Tesla, a company with a market capitalization of more than US$1tn, recently announced its breakthrough 2021 profits of US$5.5bn. Yet there is trouble in the company’s supply chain. ESG - environment, social and governance - is a term used in sustainability circles, which pushes for positive change. Here is where Tesla has a few problems.
Electric vehicles are an integral part of the world’s transformation against fossil fuel dependency.
EVs, such as Tesla, need cobalt, a mineral found in the troubled Democratic Republic of Congo (DRC), which independent reports have verified gross human rights violations at cobalt mines, including:
- Child labour
- Worker exploitation
- Safety hazards
- Unstable working environments
Despite the need for cobalt, this supply chain issue is a huge one for ESG and Tesla must work with independent parties to verify where its materials come from and that all supply chain workers are supported.
Climate change changes things
Well, climate change is a problem for everybody not working in the renewable energy sector.

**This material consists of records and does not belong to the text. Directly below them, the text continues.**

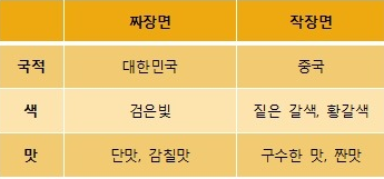 중국의 작장면은 된장 볶은것 같은 갈색의 짠맛을 면과 비벼 먹는 것이고,
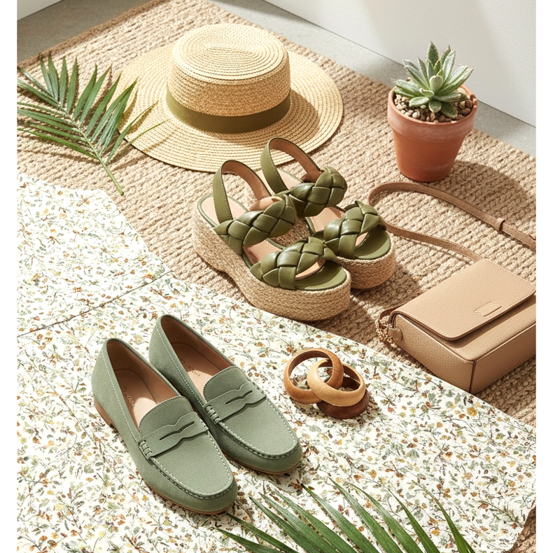 Gröna ser extremt imponerande ut i skor. Salvia-färgade mocka loafers är en smart casual hit, och oliv plattformssandaler kommer perfekt att komplettera en blommig sommarklänning. Grönt kombineras vackert med brunt, beige, krämfärgat och vitt.
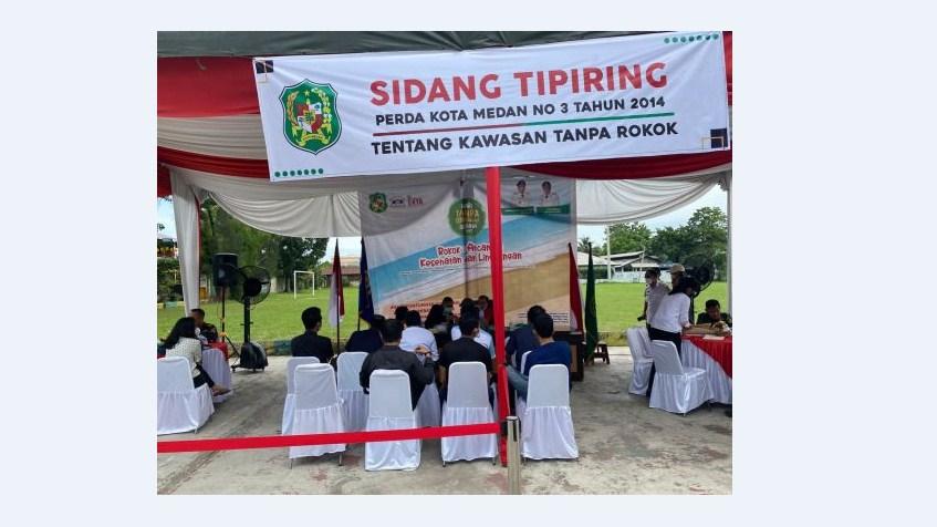 Kedapatan melanggar Perturan Daerah (Perda) Kota Medan Nomor 3 Tahun 2014 tentang Kawasan Tanpa Rokok (KTR) 8 warga disidang di Lapangan Sejati.
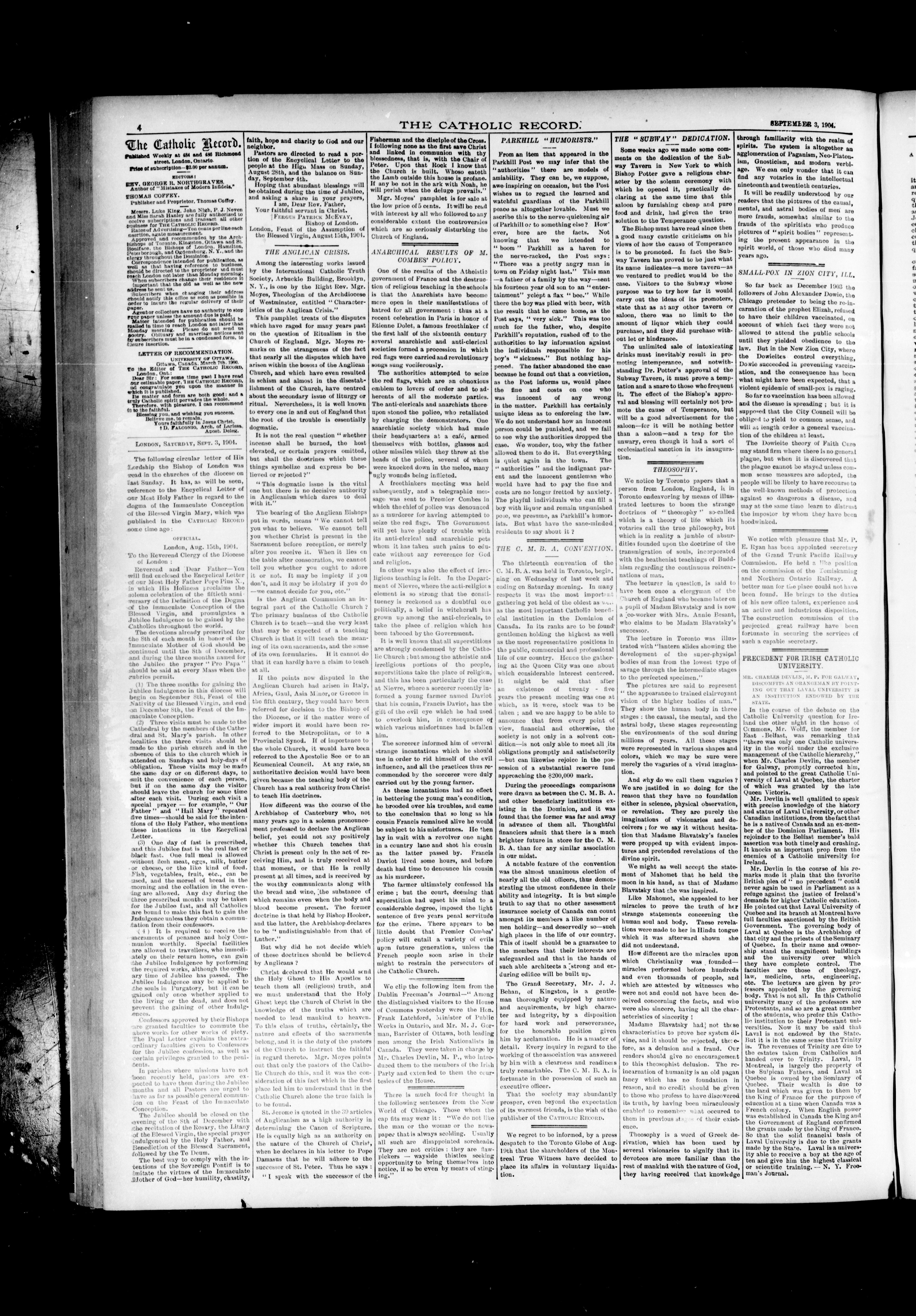 The Catholic record : Volume XXVI, [No.] 1350 (September 3, 1904)
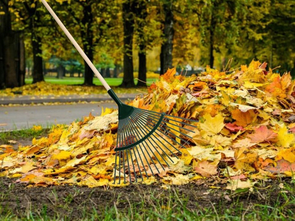Практические металлические грабли для сбора листьев в саду и коллекции коликов из хвойных деревьев, конусов и многих других ненужных зеленых отходов
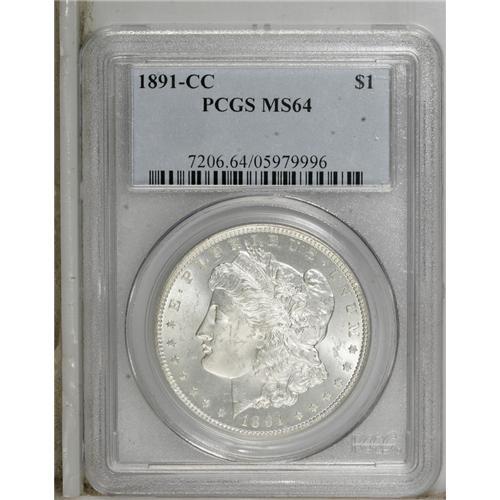 <B>1891-CC S$1 MS64 PCGS.</B></I> Occasional wisps of light tan color reside on highly lustrous surfaces that offer fairly well struck design features. Some light obverse marks limit the grade. Light roller marks are evident on Liberty's ear and hair.<BR><BR><b>Shipping:</b> Coins & Currency (<a target="_blank" href="http://www.heritageauctions.com/common/shipping.php">view shipping information</a>)
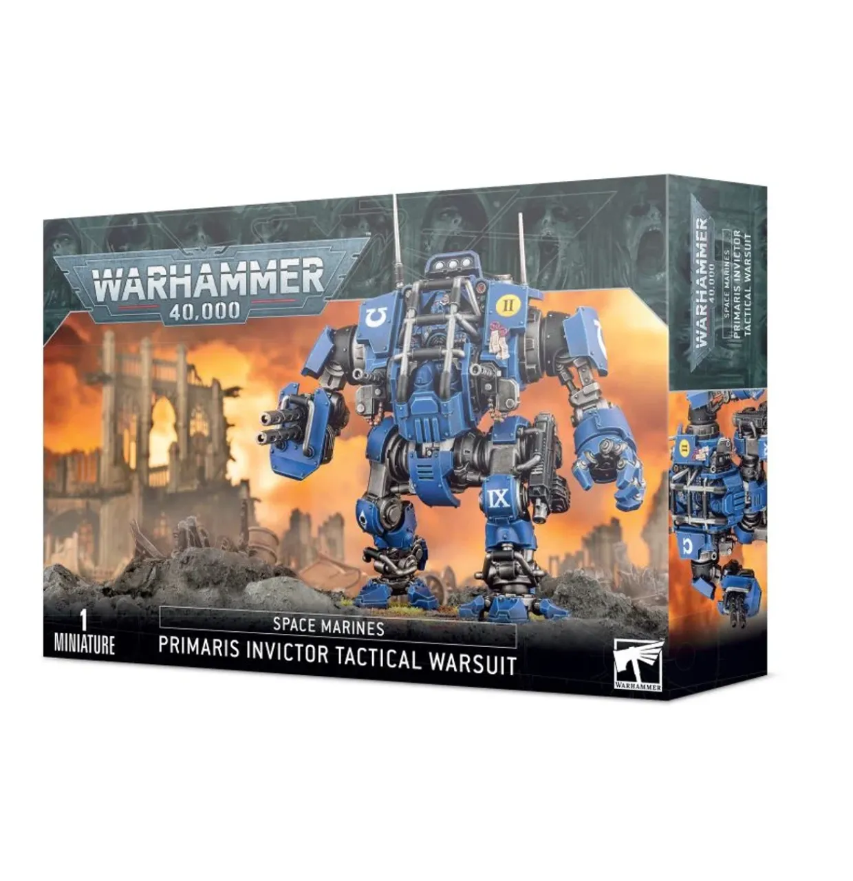 The Space Marines Primaris Invictor Tactical Warsuit from the Warhammer 40k range provides a highly-detailed armoured walker miniature for use in your Space Marines army.
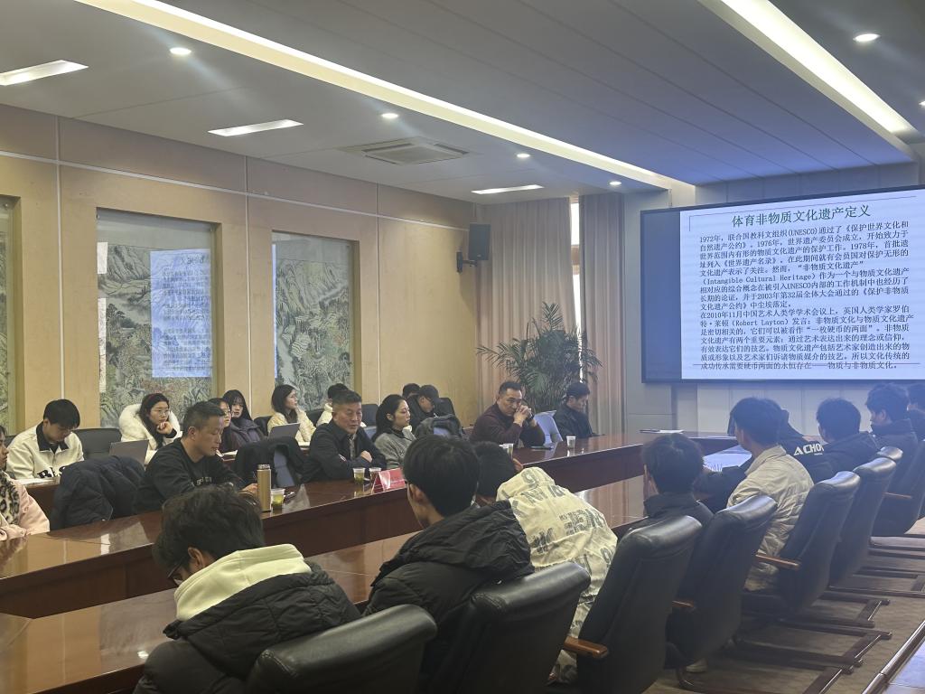 20251210,体育学院于德智楼A栋三楼会议室举办题为“体育非物质文化遗产研究中的科研方法运用”的学术讲座。本次讲座邀请中央民族大学的韦晓康教授作为主讲嘉宾,会议由体育学院副院长胡庆华主持,学院师生参加会议
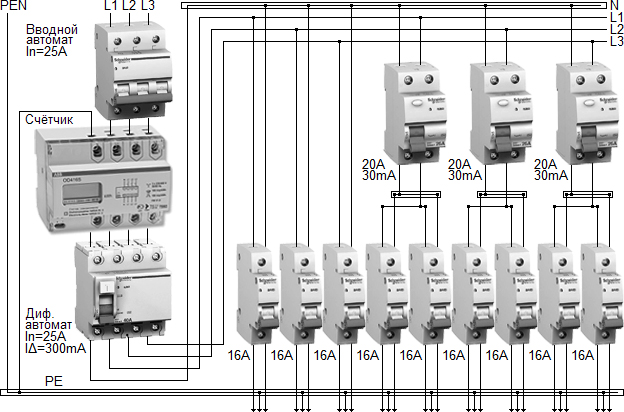 - Основной дифференциальный автомат или устройство защитного отключения.
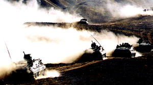 In the light of the special features of future war, an armored regiment of the Xinjiang Military Command actively explore the new training methods and combat skills with the aim of improving the troops' scramble capability, field survival capability and accompanying support capability. The picture shows the troops are conducting maneuver training. [PLA Daily]
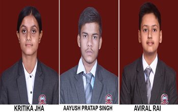 कक्षा 10वीं के आयुष प्रताप सिंह ने 99% प्राप्त कर प्रथम,अविरल राय ने 98.6% प्राप्त कर द्वितीय तथा कृतिका झा ने 97.6% प्राप्त कर तृतीय स्थान पर अपनी जगह बनाई |
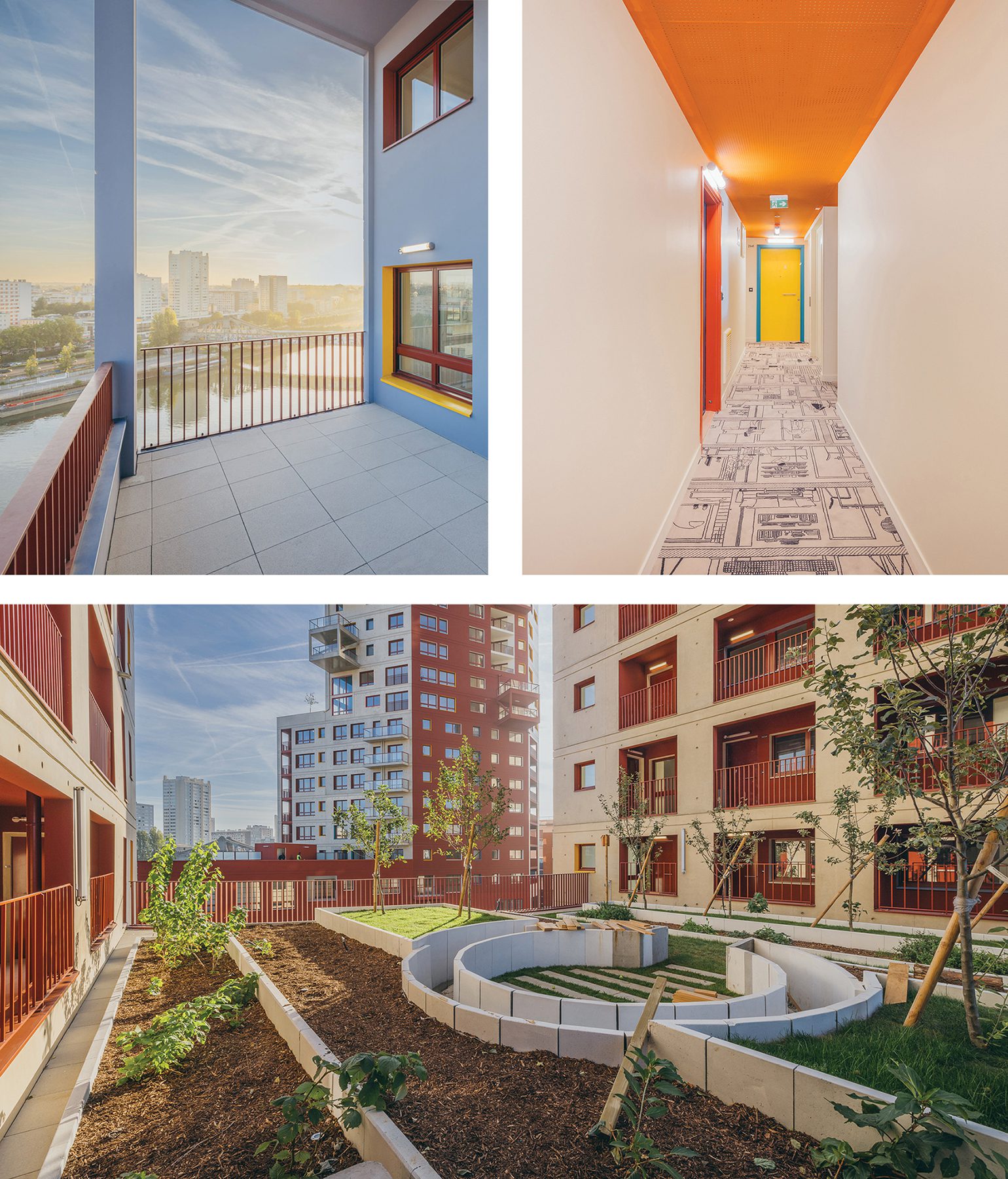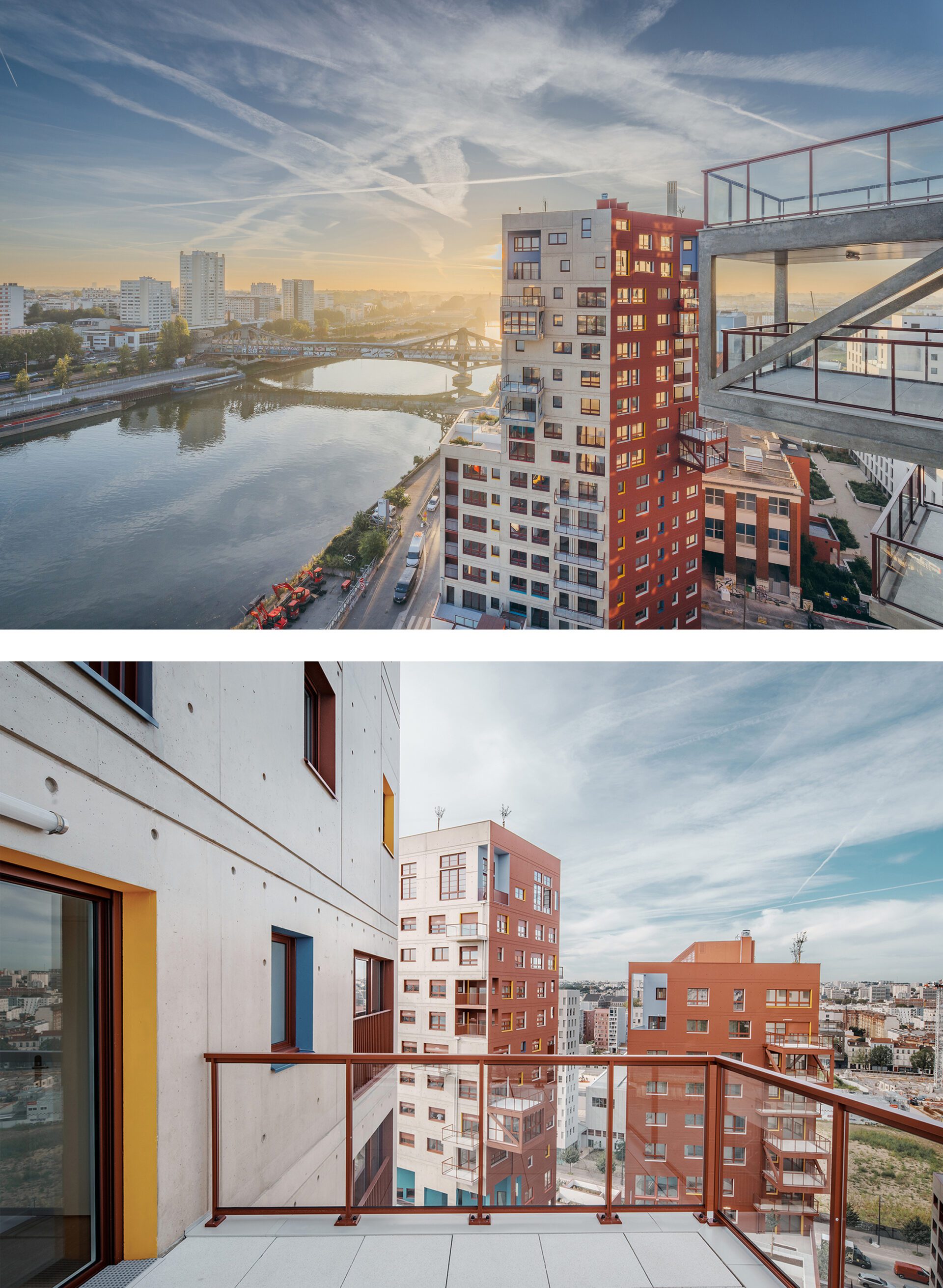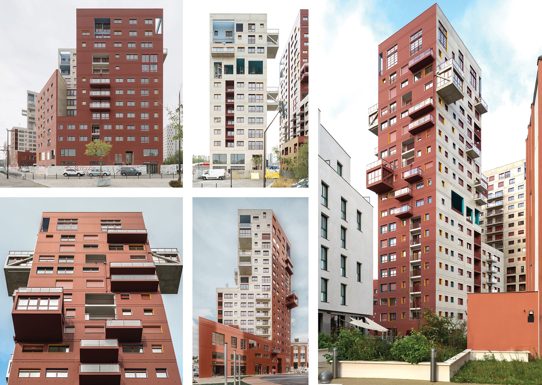 The volumes follow a meticulous design to maximize light, multiply orientations and views and allow for numerous apartment configurations. The division of each volume into three parts, generates three readings of the heights: the Street, the City and the Sky. The facades follow a “narrative” logic, reflecting what it is in the inside and reacting to what it is in their context. The window jambs follow a colour code according to the function inside; the colours of the loggias mark different parts of the Tower; the bare and red-painted concrete take inspiration of its metropolitan surroundings.

ESG investing has grown massively over the past 15 years and it has focused on climate change. Asset managers, such as BlackRock and Vanguard, hope to attract investors to funds marketed as ‘socially responsible’ while still being able to provide big returns. The value of such assets invested like this topped US$35tn worldwide in 2020 and it is expected to rise to US$50tn by 2025, representing almost one-third of all projected assets under management.
The question is, with everybody fearing climate change and joining in ESG investment, will other EVs take over Tesla (probably not…).
The bigger question is whether society would care about ESG at all, if it did not have the threat of climate change to motivate sustainable transformation.